• _EXERCISE PROMPT_
Each line starting at the one that contains "发根定位烫效果图4、脸小的男" and ending at the one that contains "на иврите. |" must be returned exactly, and the rest of the listing is left out.
DATASET RECORDS Start Marker
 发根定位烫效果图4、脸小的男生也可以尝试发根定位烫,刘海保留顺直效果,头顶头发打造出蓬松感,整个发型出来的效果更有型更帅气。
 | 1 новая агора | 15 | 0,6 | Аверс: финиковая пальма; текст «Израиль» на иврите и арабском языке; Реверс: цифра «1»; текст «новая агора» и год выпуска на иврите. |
DATASET RECORDS End Marker
DATASET RECORDS Start Marker
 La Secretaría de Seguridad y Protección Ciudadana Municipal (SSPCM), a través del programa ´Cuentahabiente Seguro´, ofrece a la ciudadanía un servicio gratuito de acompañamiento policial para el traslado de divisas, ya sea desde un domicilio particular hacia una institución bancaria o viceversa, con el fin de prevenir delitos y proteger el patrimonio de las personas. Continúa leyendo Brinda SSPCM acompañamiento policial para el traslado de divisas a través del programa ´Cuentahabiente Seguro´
DATASET RECORDS End Marker
• _FINISHED TASK_
 发根定位烫效果图4、脸小的男生也可以尝试发根定位烫,刘海保留顺直效果,头顶头发打造出蓬松感,整个发型出来的效果更有型更帅气。
 | 1 новая агора | 15 | 0,6 | Аверс: финиковая пальма; текст «Израиль» на иврите и арабском языке; Реверс: цифра «1»; текст «новая агора» и год выпуска на иврите. |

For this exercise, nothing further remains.